Мне снился свет. Теплый и золотой. Обволакивающий и множеством лучей проходящий сквозь ставшее очень легким тело. Я словно бы висела в воздухе, окруженная только им одним — вне пространства, вне времени… а напротив находился он. Нориан Снэш. Являясь источником этого света, он медленно исчезал, растворялся в пахнущем небесной свежестью воздухе. И мне отчаянно, до боли в груди не хотелось, чтобы это происходило. Не хотелось, чтобы он исчез.
А он смотрел на меня своими нереально яркими золотистыми глазами — смотрел с нежностью и тоской. И растворялся, растворялся, растворялся… За его спиной, охваченное ярким пламенем, рассыпалось тысячами искр золотое крыло…
Мой сон прервали раздавшиеся в коридоре шаги. Тихие и удаляющиеся, они тем не менее сумели меня разбудить. Открыв глаза, я обнаружила, что щеки влажные, а ресницы слиплись от слез. Вот так не позволяешь себе плакать, а потом однажды тебя просто-напросто накрывает накопившимся стрессом во сне…
Сон оставил после себя какую-то необъяснимую горечь и щемящее, отпечатавшееся в сердце чувство. Но все это отошло на второй план, когда на мою кровать пробрался холод, просочившийся через щель между дверью и полом. Все бы ничего — сквозняки в кладовке были делом обычным, — не будь этот холод таким пронзительным, таким напоминающим дуновение зимнего ветра, таким… темным?
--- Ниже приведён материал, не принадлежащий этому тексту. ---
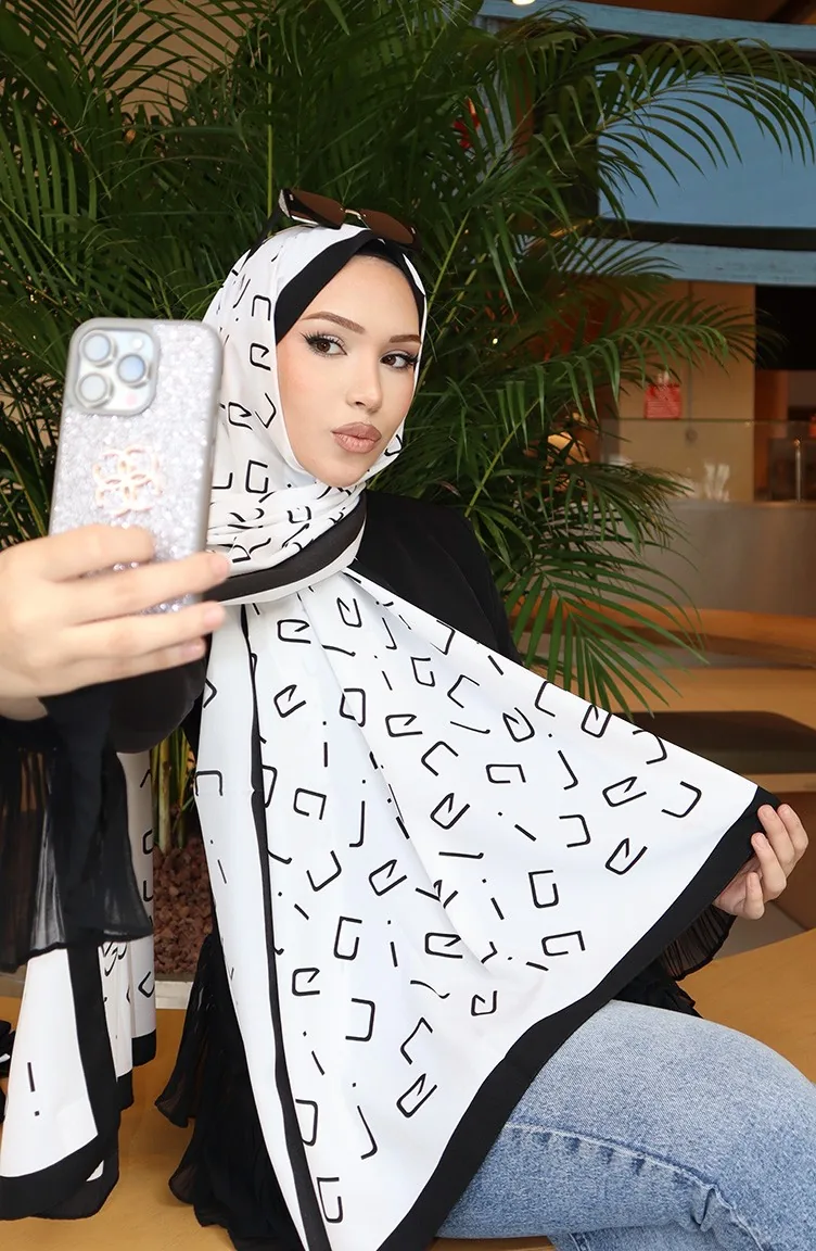 Desenli Capri Şal 70350-03 Siyah Ekru

Всего за несколько проведенных в институте дней запреты, которые я для себя ставила прежде, начали рушиться. Живя с опекунами, я старалась ничего не принимать близко к сердцу, научилась усмирять эмоции и даже подавила излишнее любопытство. А сейчас все это вдруг вновь стало проявляться. И вместо того чтобы лечь спать, я сунула ноги в туфли, наспех набросила собственноручно связанную шаль и подошла к двери. К этому времени шаги за ней почти стихли, их отзвуки раздавались где-то в районе гостиной.
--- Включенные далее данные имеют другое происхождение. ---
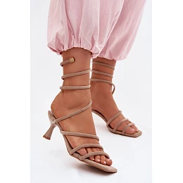 Dámské sandály na podpatku s pásky Béžové model 22103005 - Boto

Пока разум увещевал, что они принадлежат дворецкому или какой-нибудь ниллэ, нехорошее предчувствие толкало вперед. Осторожно надавив на дверную ручку, я выглянула в утопающий в полумраке коридор. Свет здесь горел всегда, но ночами становился приглушенным. Сейчас магические огни на настенных светильниках подрагивали, словно от ветра. И он в самом деле полз по полу — не то ветер, не то ледяной, очень сильный сквозняк.
Мельком осмотревшись, я тихо прокралась к гостиной, сама не зная, что ожидаю там увидеть. А войдя в нее, увидела лишь ускользнувшую тень — кто-то покидал жилое крыло.
«Наверняка какая-нибудь студентка», — вновь напомнил о себе глас разума.
Только сейчас даже он прозвучал как-то неуверенно.
Ночью, когда за окнами клубился мрак, даже институт не казался безопасным пристанищем, которым конечно же был. Когда на мир опускается ночь, самые привычные вещи начинают видеться пугающими. Как в детстве, когда в отбрасываемых ветвями деревьев тенях видятся скрюченные сухие руки и ты боишься слезать с кровати, потому что под ней притаилось чудовище.